**Saved data entries**
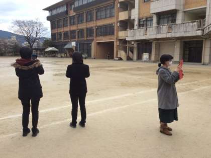 名刺には自分で学校のお気に入りポイントの写真を入れるため、iPadで各自が撮影し、それを取り込んでデザインを作成しました。
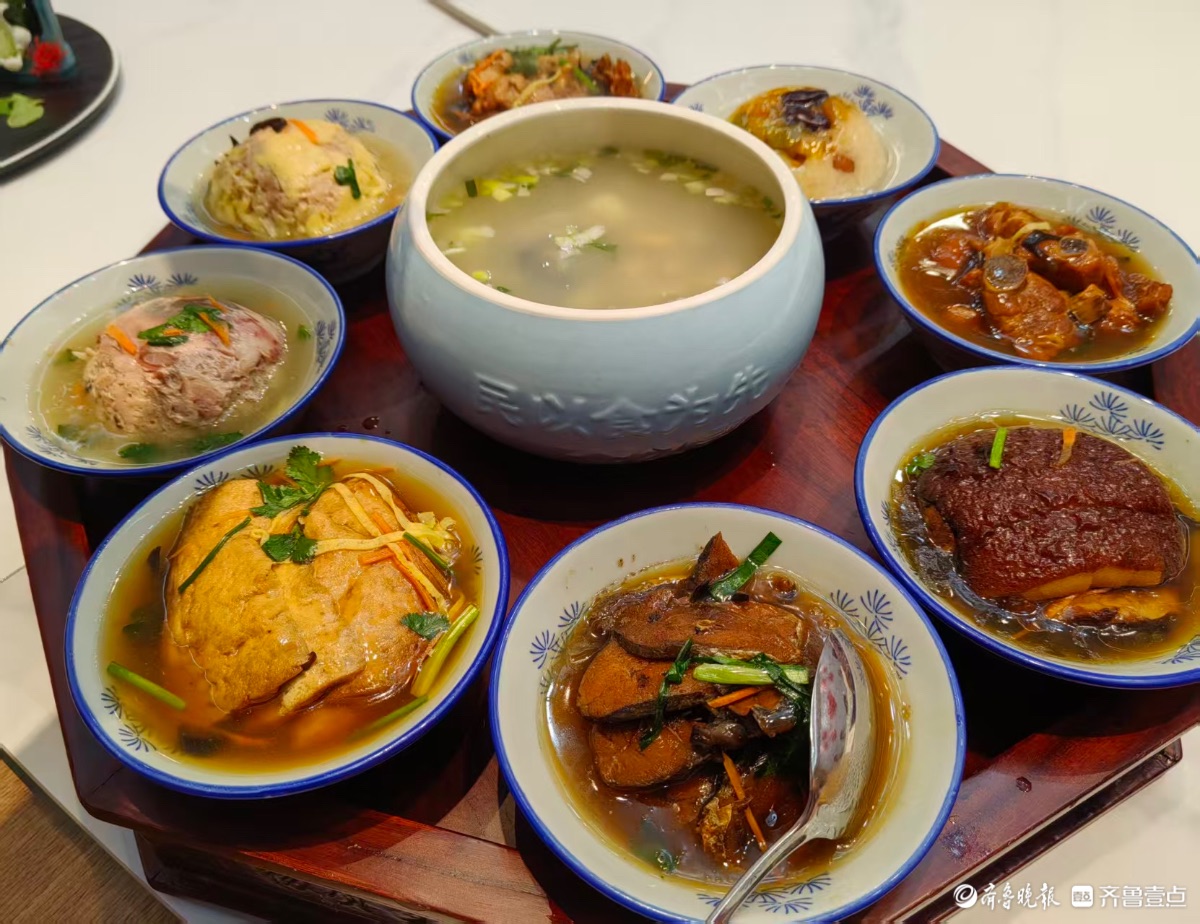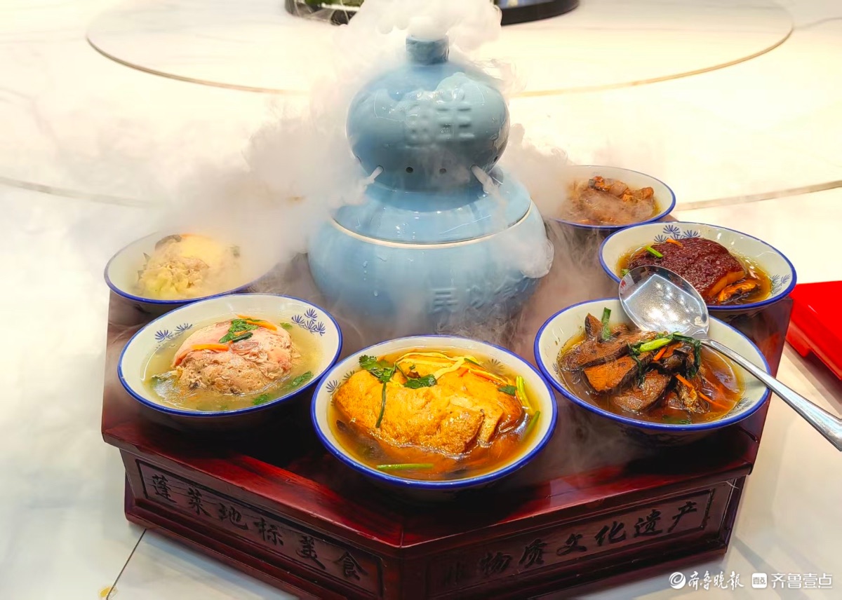 蓬莱八鲜碗,是胶东饮食文化里的非遗瑰宝,更是蓬莱人宴席上的重头戏。这组佳肴以海味与鲁菜技法相融,每一碗皆是匠心之作:清鲜的狮子头浮于汤中,软嫩的蛋包肉裹着鲜香,红烧肘子色泽红亮肥而不腻,焖烧鲅鱼带着渤海的咸鲜,还有甜糯的八宝饭解腻增味。瓷碗盛着山海滋味,蒸汽氤氲间,既有渔家的豪爽,又藏鲁菜的精细,一口咬下,是蓬莱的风土,也是代代传承的饮食记忆。王平摄
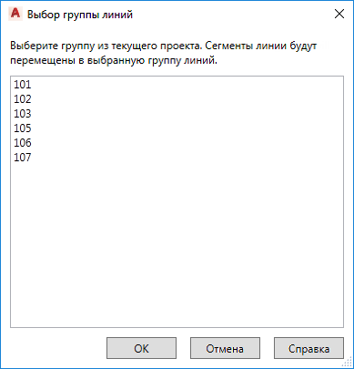 Отображение списка существующих групп линий. По умолчанию идентификатор (значение идентификатора) группы линий соответствует свойству "Номер линии".
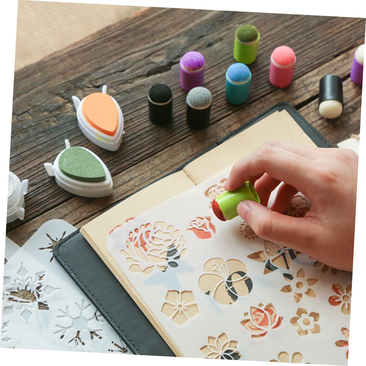 Tampone per inchiostro per : questo set di strumenti per il disegno fai da te è facile da usare e ti aiuterà a creare il tuo progetto, miscelazione dell'inchiostro per le dita Pratico tampone per inchiostro: la spugna non assorbe facilmente l'inchiostro e può colorare bene i tuoi lavori fatti a mano, stampo da disegno Modelli per pittura: devono essere puliti in tempo dopo l'uso prima di poter essere riutilizzati, tamponamento con spugna per dita Modelli di righello per pittura: sono forniti 5 modelli di stile diversi per rendere i tuoi graffiti più convenienti, miscelazione dell'inchiostro Pratico strumento per spalmare il tampone: leggero e portatile, facile da trasportare e riporre, design dalla forma unica, molto elegante e pratico, strumento per spalmare il tampone sulle dita
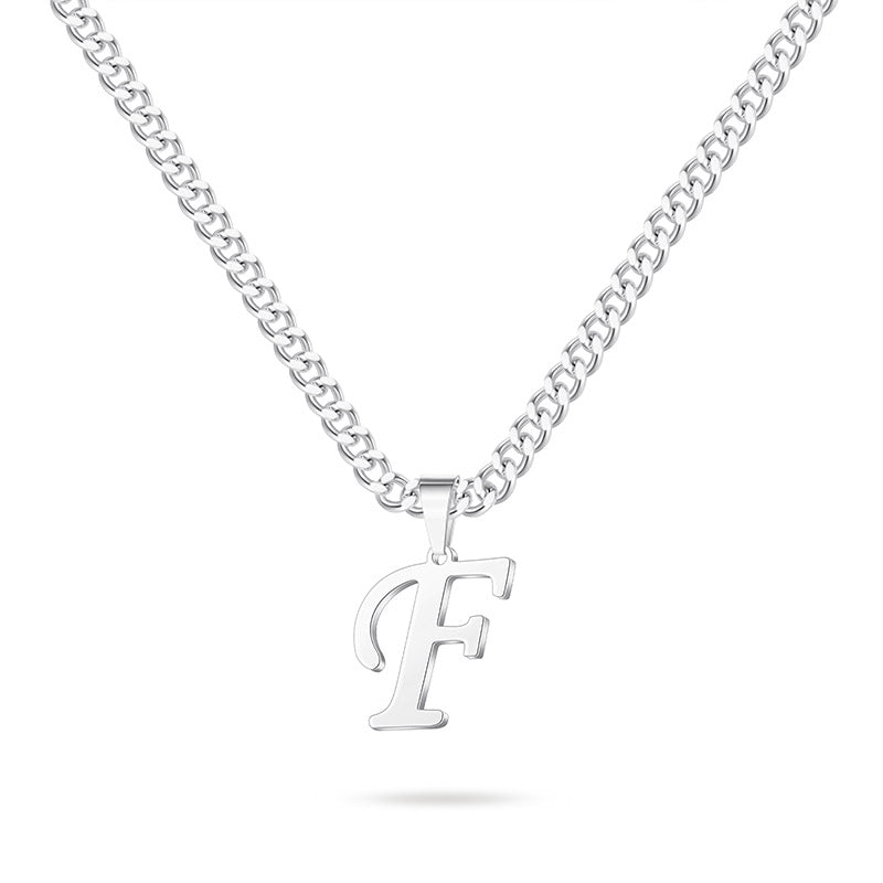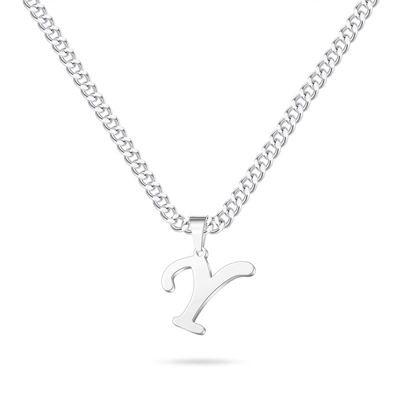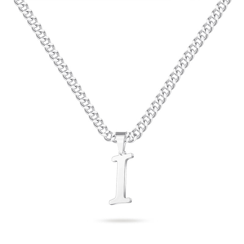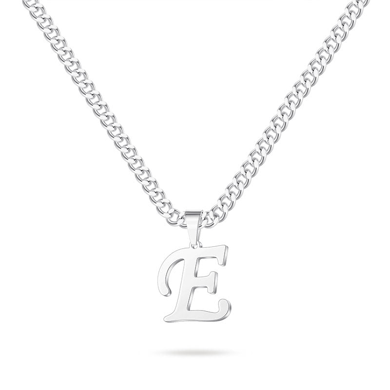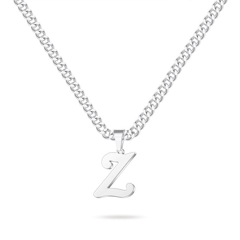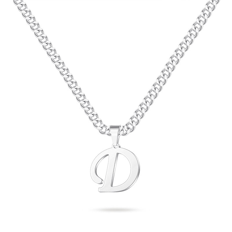 Silvery Initial A-Z Letter Necklace Stainless Steel Cuban Chain Initial Necklace for Men Women Jewelry Gifts
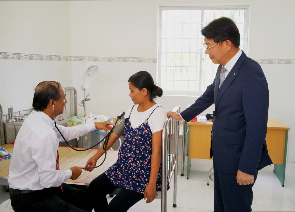 Ông Back Jong Kook, Chủ tịch HĐTV kiêm Tổng giám đốc Hanwha Life Việt Nam thăm hỏi người dân Trà Vinh trong ngày khánh thành Trung tâm Y tế Phường 9, thành phố Trà Vinh.
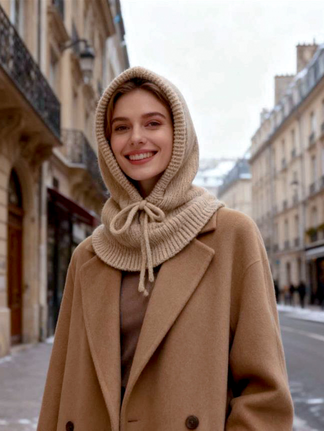 Pletená kapucňa so šnúrkou. Ideálny kúsok ku kabátu, alebo bunde, ktoré nemajú kapucňu.
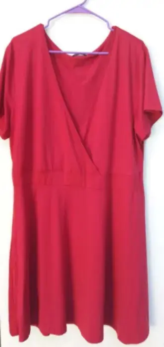 Vestido fresco de camiseta con textura piel de durazno, manga corta, cuello v, 118 cm pecho,107 cm cintura, 140 cm cadera, 101 cm largo, usado UNA VEZ, SIN DETALLES.Envió a la brevedad.Todas las compras tienen obsequio
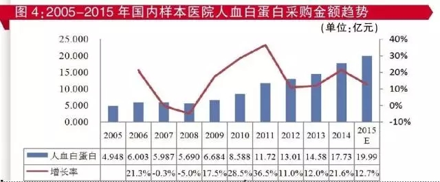 據(jù)PDB數(shù)據(jù),預(yù)計(jì)2015年樣本醫(yī)院人血白蛋白采購(gòu)金額合計(jì)約為20億元,占血液制品采購(gòu)金額的57%,比例日趨合理(2005年占比為66.4%)。從樣本醫(yī)院2005-2015年人血白蛋白采購(gòu)金額趨勢(shì)圖中看出(見圖4),2012-2015年3年間樣本醫(yī)院人血白蛋白采購(gòu)金額年復(fù)合增長(zhǎng)率為15.4%。
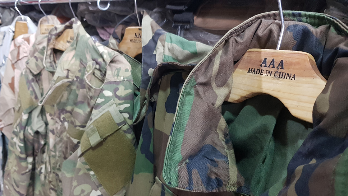 Kuvva-i Merkez semtinde bulunan pazarda artık ABD askeri kıyafetlerinin ve teçhizatlarının kopyaları Çin'den ithal edilerek burada satılıyor.
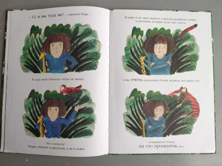- Интересный сюжет. По совету бабушки девочка Нора превращает "скучный старый сад" в целые джунгли, где водятся стрекозы размером с птиц, ворчливый белый медведь и чудесный тигр;
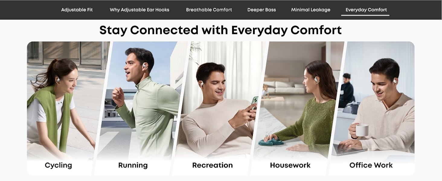 • Un ajuste perfecto para cada oreja: los innovadores ganchos ajustables de 4 niveles de Soundcore garantizan un ajuste cómodo adaptado a más del 99% de las formas y tamaños de las orejas.

**What to work on**
The answer must consist only of the lines from the beginning of the entries above through the line that holds "Отображение списка существующих", reproduced exactly and without pictures.

**Written answer**
 名刺には自分で学校のお気に入りポイントの写真を入れるため、iPadで各自が撮影し、それを取り込んでデザインを作成しました。
 蓬莱八鲜碗,是胶东饮食文化里的非遗瑰宝,更是蓬莱人宴席上的重头戏。这组佳肴以海味与鲁菜技法相融,每一碗皆是匠心之作:清鲜的狮子头浮于汤中,软嫩的蛋包肉裹着鲜香,红烧肘子色泽红亮肥而不腻,焖烧鲅鱼带着渤海的咸鲜,还有甜糯的八宝饭解腻增味。瓷碗盛着山海滋味,蒸汽氤氲间,既有渔家的豪爽,又藏鲁菜的精细,一口咬下,是蓬莱的风土,也是代代传承的饮食记忆。王平摄
 Отображение списка существующих групп линий. По умолчанию идентификатор (значение идентификатора) группы линий соответствует свойству "Номер линии".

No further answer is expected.